Dreiste Diebe waren in den vergangenen Tagen in der Region unterwegs: Im Hohenlohekreis und im Kreis Breisgau-Hochschwarzwald wurden tausende Tiere auf einmal gestohlen. Regenbogenforellen, Bachforellen und Bienen – bislang unbekannte Täter haben im Südwesten zwei Fischteiche geplündert und ein ganzes Bienenvolk gestohlen.

Nach Polizeiangaben haben Einbrecher zwischen Montagnachmittag (2. August) und Dienstagvormittag knapp 2.000 Forellen aus zwei Fischteichen in Schöntal-Oberkessach (Hohenlohekreis) erbeutet. Zwischen Montag, 15 Uhr, und Dienstag, 11 Uhr, begaben sich die Täter zu den Teichen an der Unterkessacher Straße. Dort verriegelten sie erst den Wasserzulauf und sorgten dafür, dass die beiden Fischteiche leerliefen. Anschließenden entnahmen sie circa 800 Regenbogenforellen.
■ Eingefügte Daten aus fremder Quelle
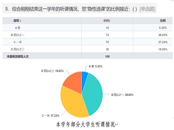 二是关于疫情期间大学生居家的相关情况的调研。土木1902班的谢愉杰带领组员对疫情期间大学生的学习情况进行了调查,他们认为疫情期间绝大多数大学生仍保持认真学习的态度,但学习意识缺乏科学性;电气1902班的赵博雅组开展了大学生“挂”网课的调查,他们发现大学生挂着网课干其他事情的现象非常普遍,并认为该现象的主要原因是学习动力的不足,学生应及时改正调整;土木教改1901班的张家明组结合网络调查问卷及线上交流的方式进行了关于疫情对大学生运动影响调查,得出疫情期间大学生运动锻炼次数较多,但线上体育课效果欠佳的结论,他们认为学校应提升同学们对线上体育课教学的积极性。

Weiter begaben sich die Unbekannten zu dem dortigen Gartenhaus, stiegen vermutlich über das Fenster ein und entwendeten weitere circa 1.000 Bachforellen aus dem Inneren. Wie die Täter die Menge an Fischen abtransportiert haben, ist bislang unklar. Die Polizei hat die Ermittlungen aufgenommen und bittet Zeugen der Tat, sich beim Polizeiposten Krautheim unter der Telefonnummer 06294/234 zu melden.

Dreiste Diebe in Hohenlohe und Kreis Breisgau-Hochschwarzwald: Tausende Tiere gestohlen

Wie die Polizei außerdem mitteilte, haben Unbekannte in den vergangenen Tagen in Mühlheim (Kreis Breisgau-Hochschwarzwald) zudem ein ganzes Bienenvolk gestohlen. Dabei habe es sich um ein Jungbienenvolk mit etwa 5.000 Tieren sowie einen dazugehörigen Bienen-Kasten gehandelt – der Sachwert beträgt etwa 380 Euro, der emotionale Wert lässt sich nicht messen.
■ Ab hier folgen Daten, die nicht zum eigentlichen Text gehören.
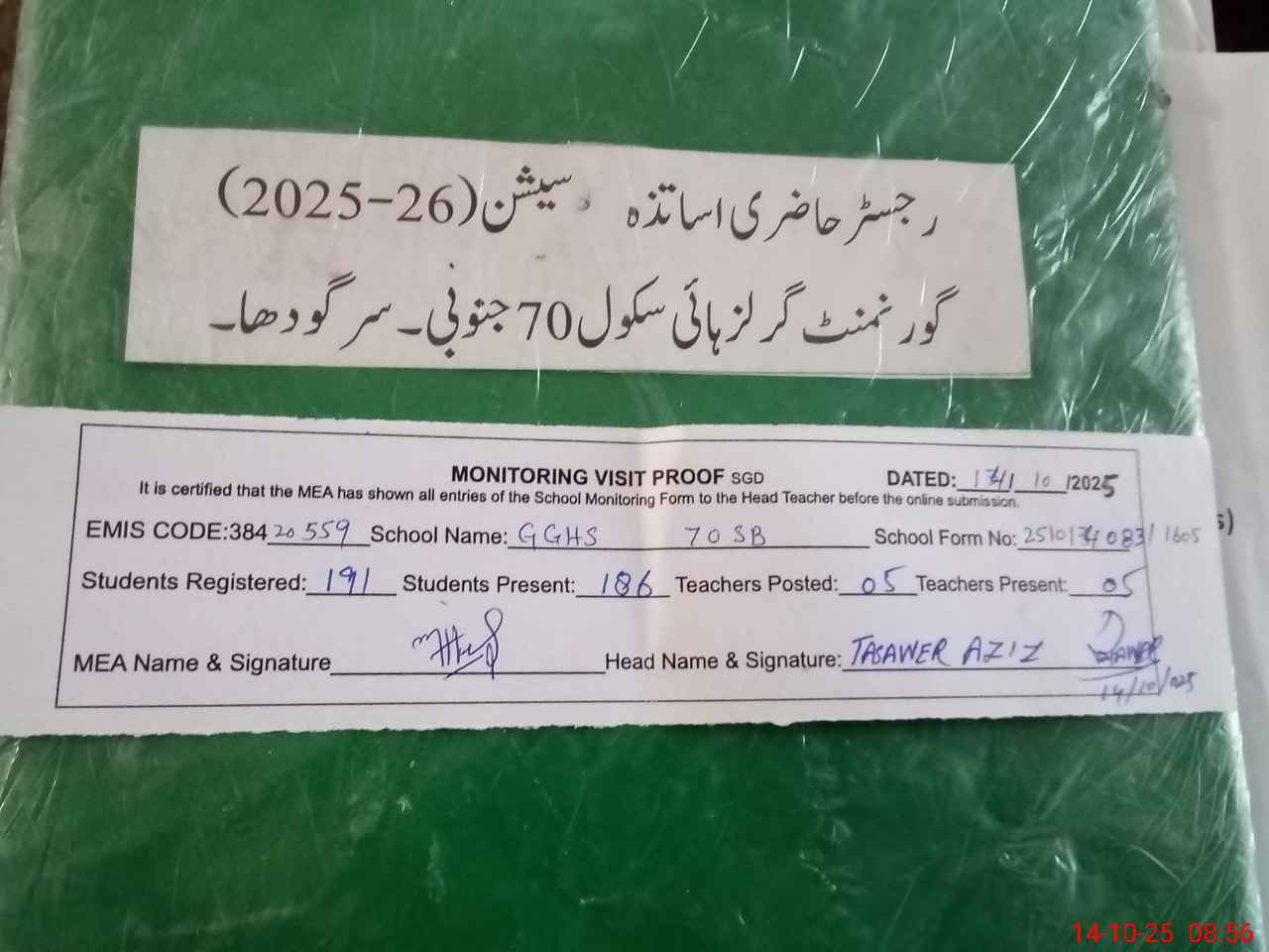 | Attendance Register | Head Teacher | MEA with School | Visit Proof |

Die Ermittler gehen davon aus, dass eine Person, die Ahnung hat – womöglich ein Imker – den Diebstahl zwischen Ende Juli und Anfang August in Müllheim begangen hat. Sowohl mit Blick auf das gestohlene Bienenvolk als auch im Fall der Forellen bitten die Beamten nun um Hinweise von Zeugen. Ob es einen Zusammenhang zwischen den beiden Taten gibt, ist nicht bekannt.
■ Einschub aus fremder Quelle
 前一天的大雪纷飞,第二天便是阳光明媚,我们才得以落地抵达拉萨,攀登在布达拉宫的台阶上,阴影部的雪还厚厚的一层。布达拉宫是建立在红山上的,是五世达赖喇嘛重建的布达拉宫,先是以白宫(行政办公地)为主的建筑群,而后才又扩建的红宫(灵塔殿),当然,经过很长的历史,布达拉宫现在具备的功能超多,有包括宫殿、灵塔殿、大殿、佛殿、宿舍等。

Tier-Diebstähle sind gar nicht so selten: Bereits im Jahr 2017 wurden in Heilbronn-Sontheim unglaubliche 80.000 Bienen gestohlen. In Eppingen wurden 2018 ganze 500 Forellen Opfer eines Attentats: Die Frischwasserzufuhr wurde absichtlich manipuliert, weshalb die Forellen in ihrem Teich verendeten.